Через неделю московский дворник, Хаким Кашапов нашёл пистолет под снегом. К счастью для Петровича, дворник не попытался его присвоить. Как только он понял, что пистолет боевой, то сразу же позвонил в милицию. На место происшествия приехала машина с оперативниками и и почему то две машины «Скорой помощи». Перекресток был оцеплен.
Обвинение в покушении было снято. Учитывая прошлую бурную жизнь Петрович получил три года строгого.
— Вот времена пошли — говорил он— Раньше не то что морду били — на х… посылали реже, чем сейчас убивают. Баб насилуют, а в зоне за правильных канают. Беспредельщики! Мохначи!
Это он на Виталика намекал.
Его статья в криминальном мире уважением не пользовалась.

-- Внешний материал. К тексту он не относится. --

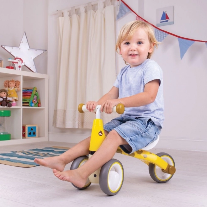 Vier breite Räder sorgen für hervorragende Stabilität und eine ruhige Fahrt – ideal für die ersten Schritte auf dem Rutschfahrzeug.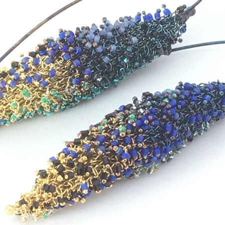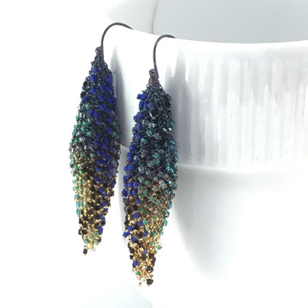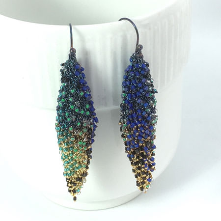 These mesh earrings are just exquisite. The elongated shape has been crocheted with fine brass wire which is then plated in gold and silver which has been oxidised to a dark, almost bluish colour. The shape is then covered with hundreds of tiny Swarovski beads in colours graduating from blues and greens to black.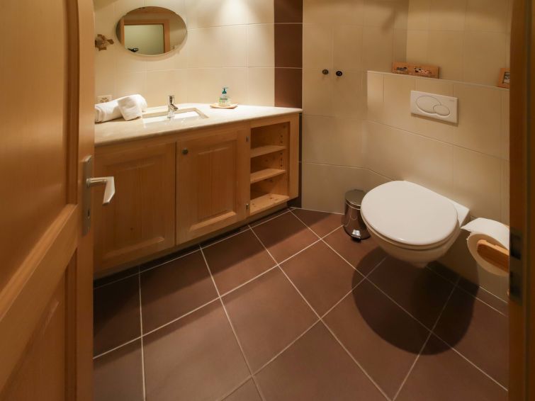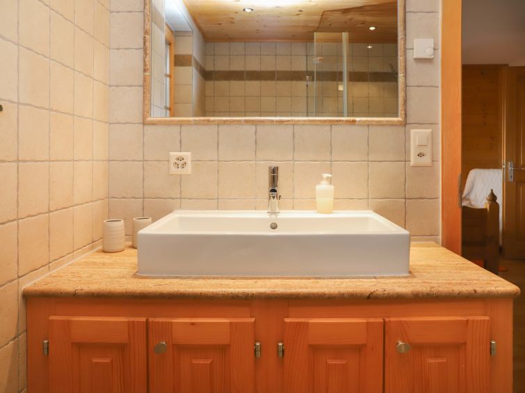 "Boule de Neige", 4-room chalet 96 m2 on 3 levels, south facing position. Comfortable and beautiful furnishings: living/dining room with panoramic window south facing position with open-hearth fireplace, dining nook, cable TV and electric heating. Exit to the balcony, south facing position. Open kitchen (dishwasher, 4 ceramic glass hob hotplates, toaster, kettle, fondue Set (cheese)) with small bar. On the lower ground floor: (spiral staircase), 1 room, south facing position with 1 double bed and shower/WC. Exit to the balcony, south facing position. 2 rooms, each room with 2 beds. Shower/WC, sep. WC. Balcony, south facing position. Very beautiful panoramic view of the mountains, the countryside and the resort. Facilities: Internet (WiFi, free). Parking (1 car). Please note: non-smokers only. No lift. Hamman and wine cellar available.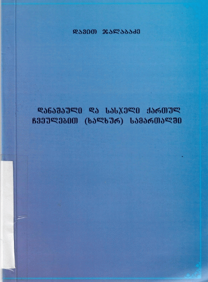დანაშაული და სასჯელი ქართულ ჩვეულებით (ხალხურ) სამართალში (ფშავის ჩვეულებითი სამართლის მიხედვით) /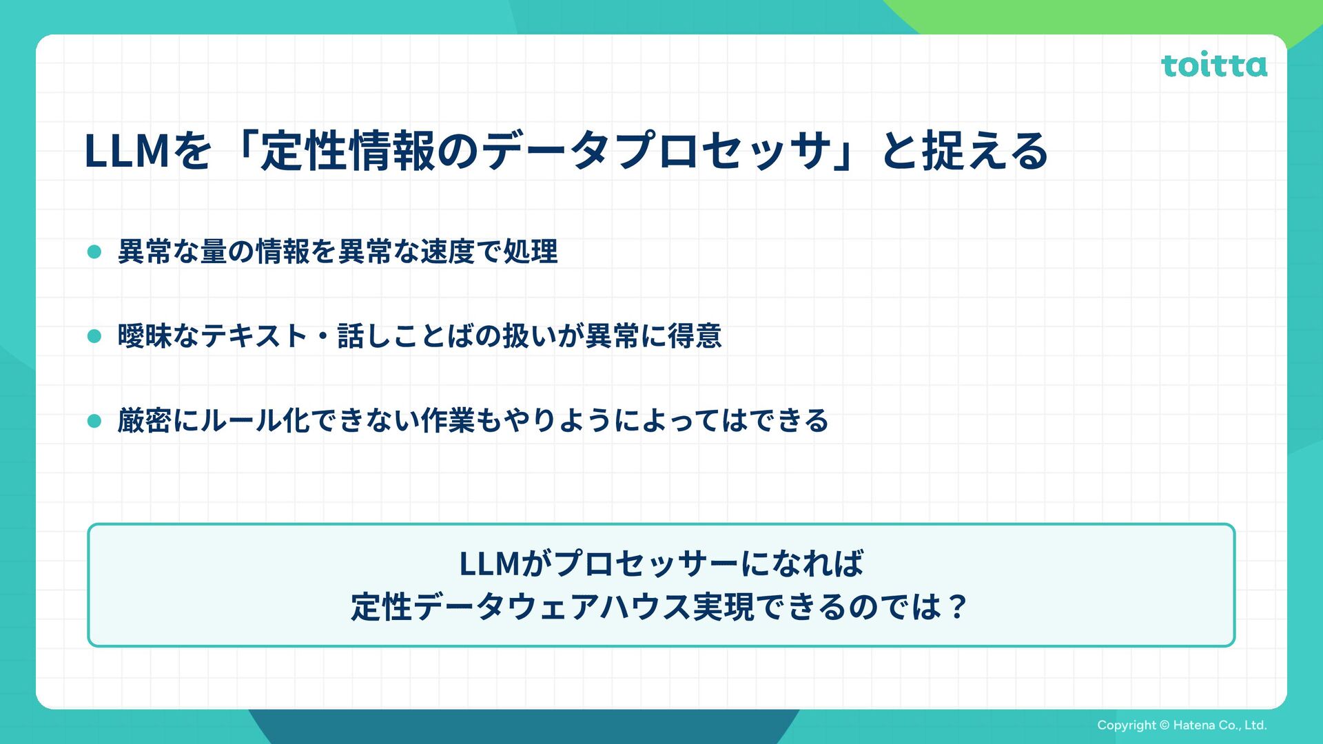 Copyright © Hatena Co., Ltd. 異常な量の情報を異常な速度で処理 LLMを「定性情報のデータプロセッサ」と捉える LLMがプロセッサーになれば 定性データウェアハウス実現できるのでは? 曖昧なテキスト‧話しことばの扱いが異常に得意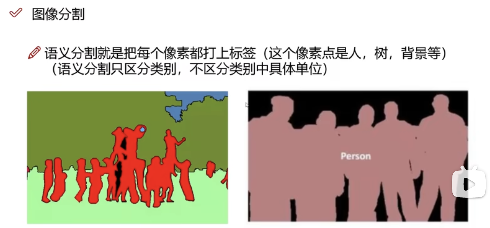 由上图可知,实例分割在和语义分割很相似,只是在”标签“上出现了层级结构,而在上面我们构建的系统中,”标签(Label)“是单层的。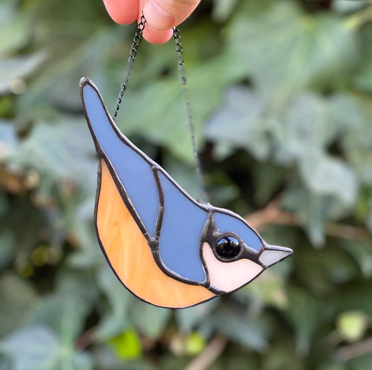 Hung from a fine black chain, the stained glass nuthatch decoration measures approximately 11cm from beak tip to tail and is 7cm at its widest point.
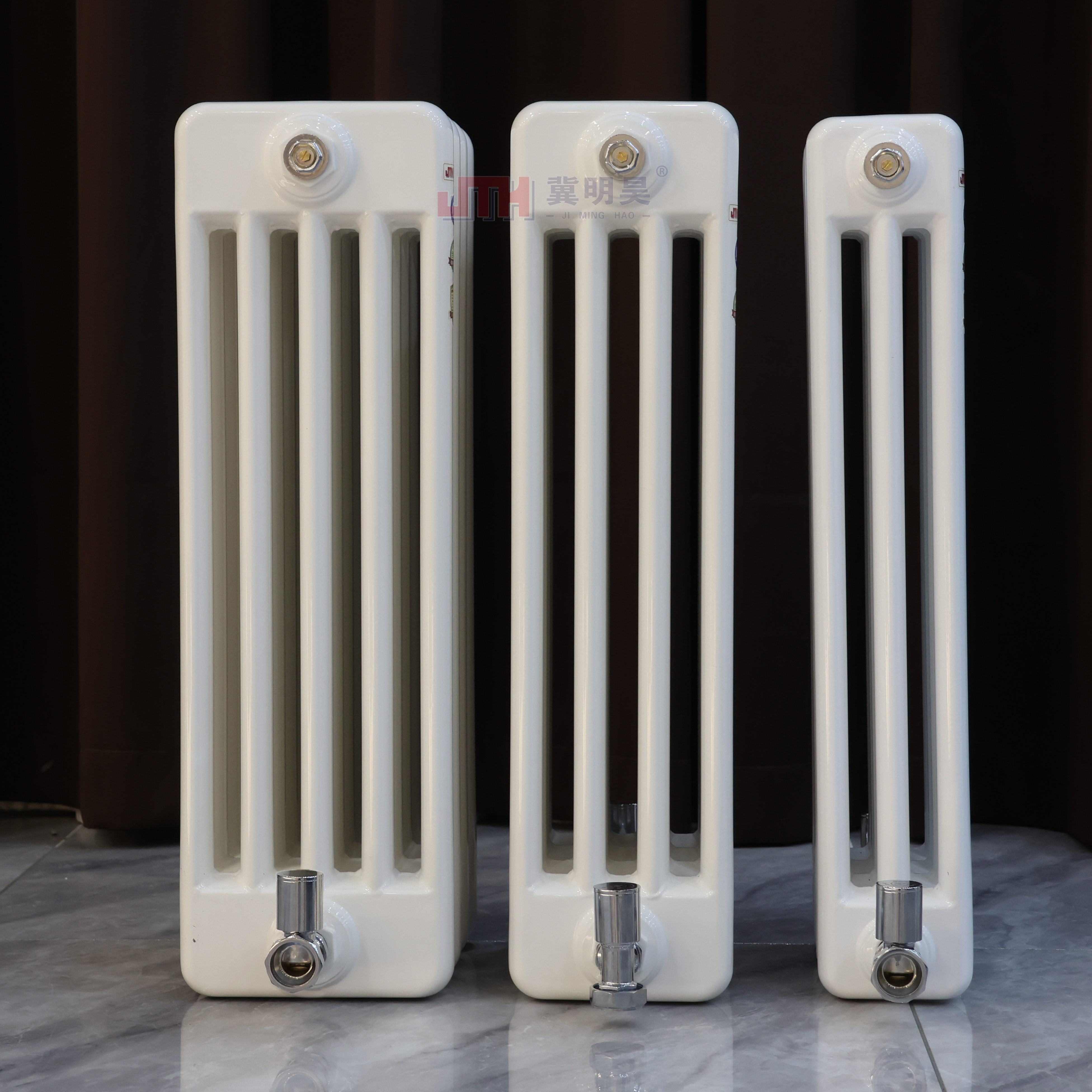 河北冀明昊橢三、橢四、橢五系列鋼制橢圓柱散熱器,在結(jié)構(gòu)與性能上形成差異化適配優(yōu)勢(shì)。橢三系列作為基礎(chǔ)款,采用三柱橢圓柱結(jié)構(gòu)設(shè)計(jì),單組散熱量覆蓋 800-1200W(ΔT=64.5℃),適配 15-25㎡的中小戶(hù)型房間,緊湊的柱體布局可減少墻面占用面積,尤其適合臥室、書(shū)房等空間;橢四系列升級(jí)為四柱結(jié)構(gòu),散熱量提升至 1200-1600W,增加的散熱柱體強(qiáng)化熱交換效率,適配 25-35㎡的客廳、辦公室等中等空間,兼顧散熱速度與溫度穩(wěn)定性;橢五系列則以五柱結(jié)構(gòu)打造大空間供暖解決方案,單組散熱量可達(dá) 1600-2000W,能快速平衡 35-50㎡的商鋪、會(huì)議室等大面積區(qū)域溫度,且橢圓柱型的流道設(shè)計(jì)讓熱水循環(huán)更順暢,避免局部積氣影響散熱。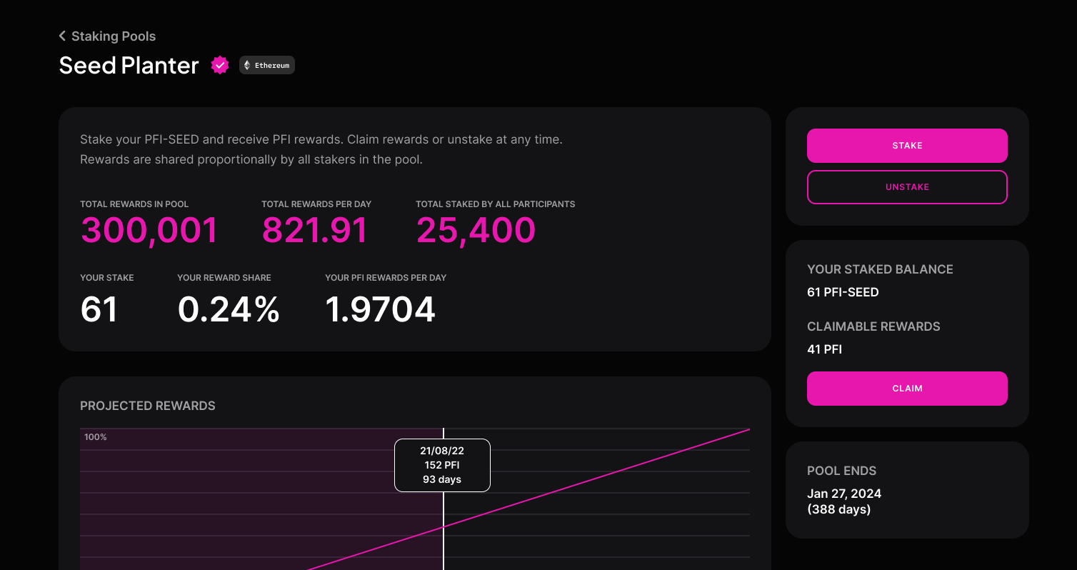 - Once staked, you can view staking stats on this page. You can claim rewards periodically at any time, and you can add to your stake or unstake at any time.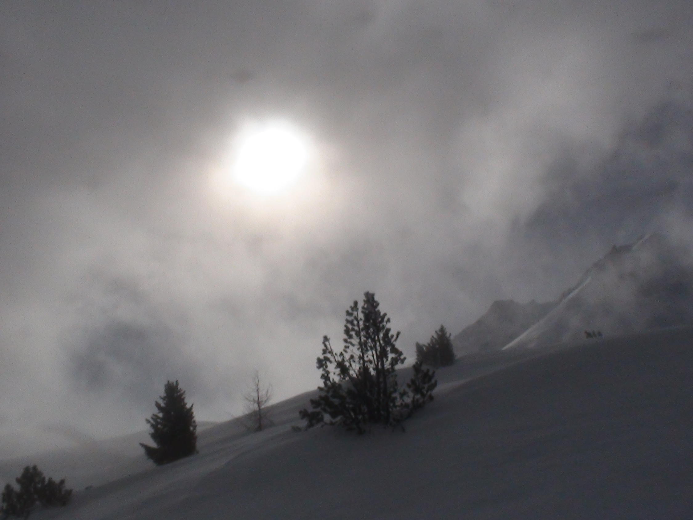 Die steilen Hänge gut einschätzen. Es sind schon einige Schneerutsche abgegangen.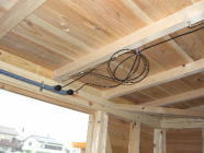 5 降雨器取り付け天候もホタルの行動に影響すると聞いている。小屋内を外の天候に合わせるため、人工的に雨を降らせることができるように、噴霧器を2器取り付けた。 |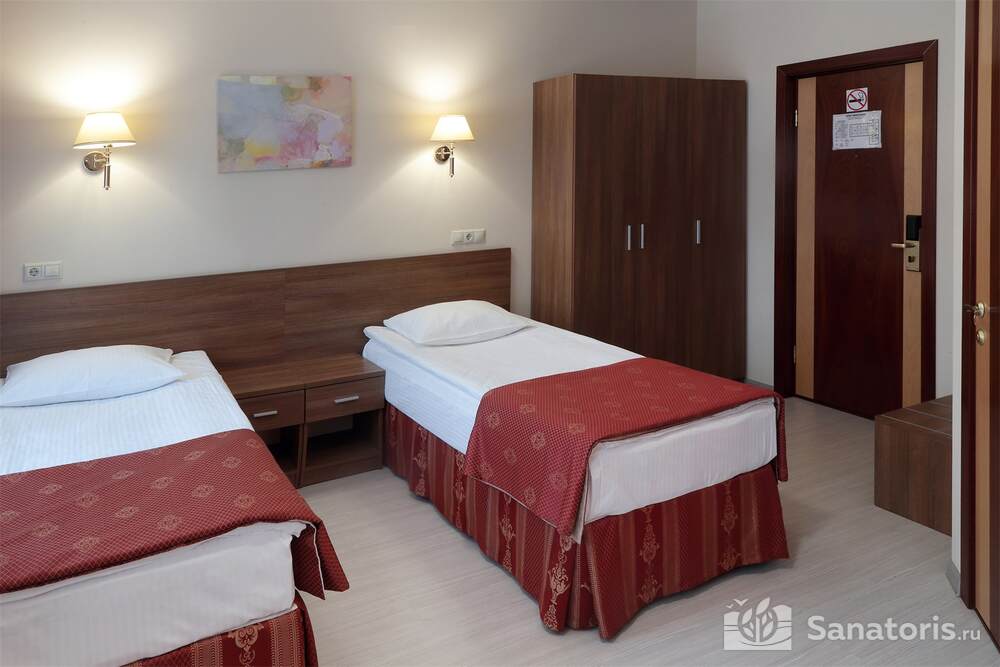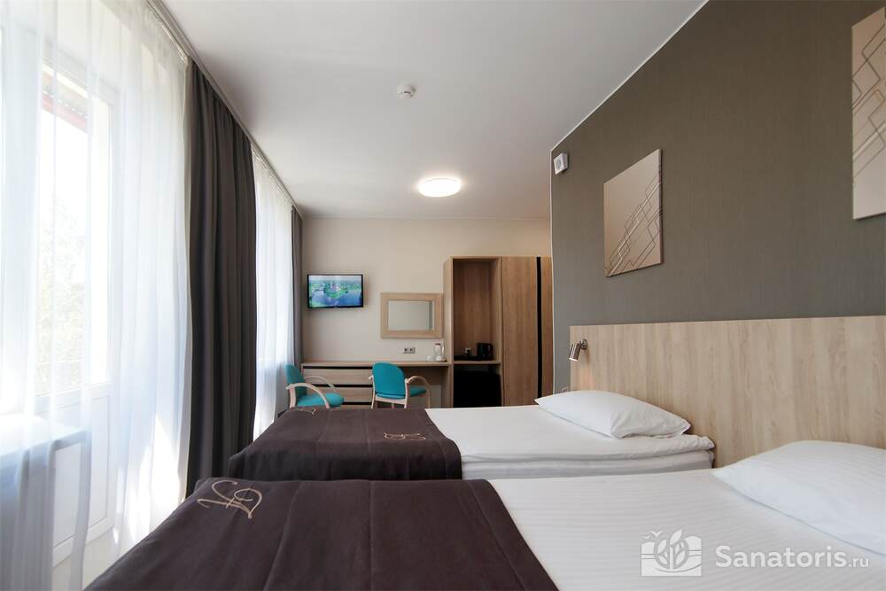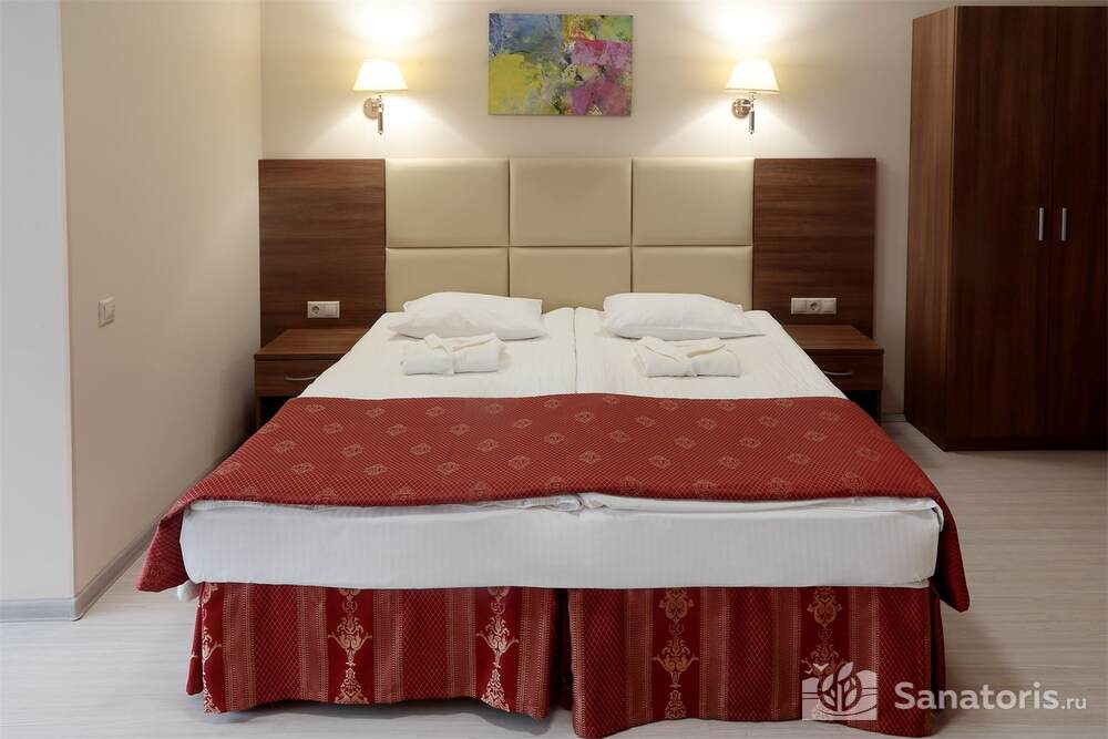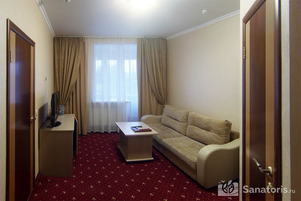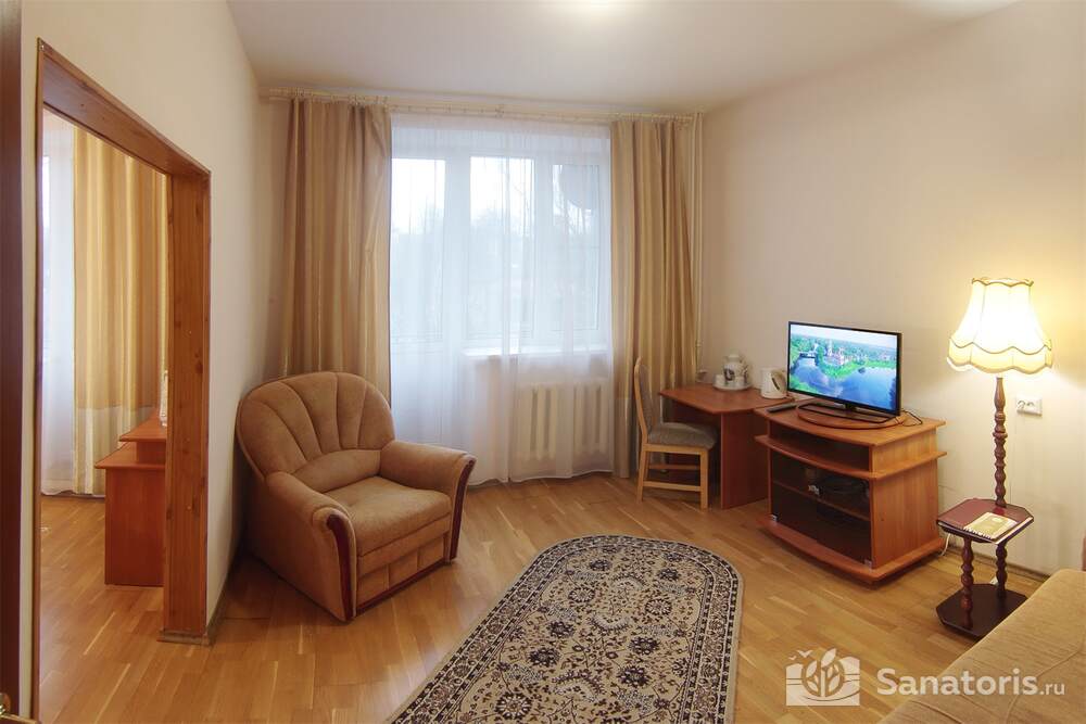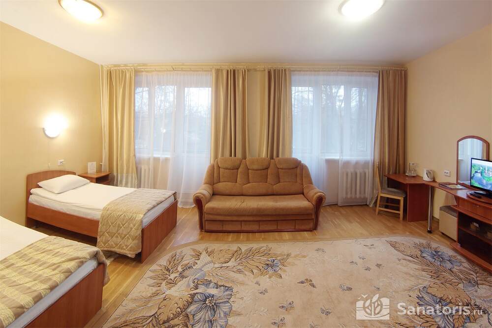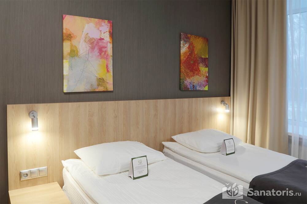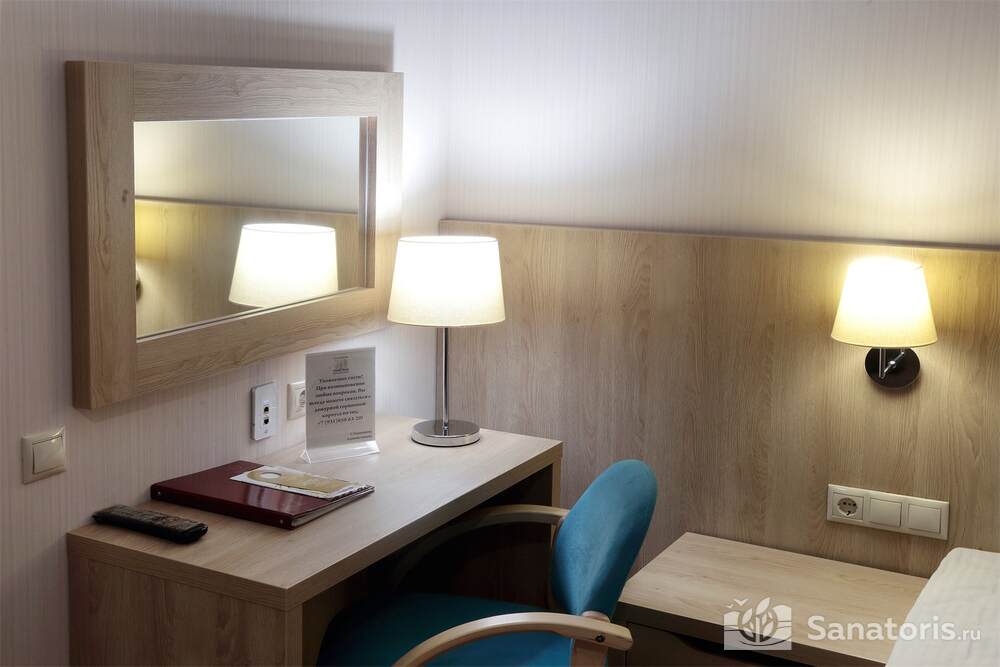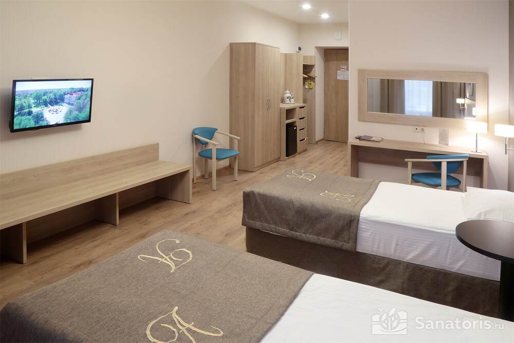 Жилой фонд состоит из отдельно стоящих зданий разной этажности: корпуса №3 и 6 – 5-этажные здания с лифтами, корпус №1 имеет 4 этажа, корпуса №4, 5, 10 – 3 этажа, корпуса №2 и 11 – 2 этажа. Одновременно санаторный комплекс может принять 619 гостей. Гостям предоставляются разные варианты размещения: блок-номера, имеющие общий санузел, номера повышенной комфортности и новые номера в корпусах, которые находятся в уютном парке. Какой бы вариант вы бы не предпочли, каждый из номеров светлый, просторный и оборудован необходимым для комфортного проживания набором мебели. В наличии ТВ, а в некоторых номерах предусмотрен небольшой холодильник, фен, телефон и прочее.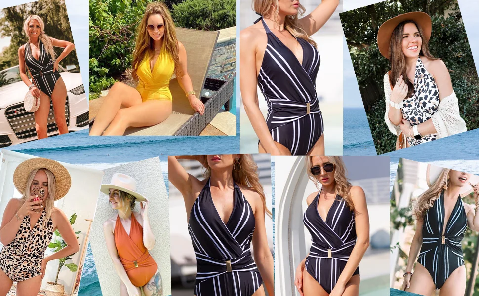 Купальник с высокой талией спроектирован поперечной обмоткой спереди, глубоким v-образным вырезом, имитация ремня для похудения и контроля живота.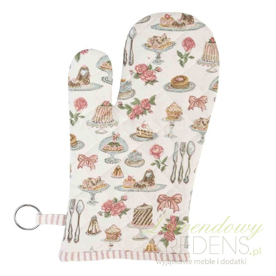 Cudownie wielobarwne rękawice kuchenne z malunkami przedstawiającymi słodkości, kwiaty i kuchenne sztućce. Bawełniany materiał obszyty został dodatkowo biało - różową lamówką, a rękawica jest wyposażona w specjalny metalowy, okrągły uchwyt, na którym można rękawice wygodnie powiesić.

Осужденные по ней были не в почёте, но Виталик не сдавался и лез в драку с теми, кто старался наступить ему на горло.
Услышав брюзжание Петровича Виталик садится на шконку и громко, чтобы слышал весь барак, говорит:
— Мужики, слушайте новый анекдот.
Все заинтересованно поворачивают головы.
— Вовочка едет в такси с мамой и без конца спрашивает таксиста: «Дяденька, а если бы моя мама была львицей, а папа тигром, кем бы я был? Таксист молчит. Дядя таксист, а кем я был если бы моя мама была львицей, а папа львом? Шофёр опять молчит. Едут дальше... Мальчик таксисту: А кем бы я был если бы моя мама... Достал Вовочка таксиста. Того начинает подтряхивать и он говорит со злостью: А кем бы ты был, если бы твоя мать была проституткой, а отец пидорасом? Вовочка не долго думая— таксистом!»
Виталя, как бы извиняясь широко улыбается сидельцам. Дескать, извините меня бескультурщину, за неприличный анекдот. Не в огорчение будь сказано порядочным арестантам.
Все понимают кого он имеет в виду, но молчат, пересмеиваются. Понимает это и Петрович, смущённо ёрзает на своей шконке. Возмущаться нельзя, иначе Виталька поднимет крик на весь барак. Дескать имени твоего не произносили. Чего тогда определяешься? Знаешь что за собой, что ли?..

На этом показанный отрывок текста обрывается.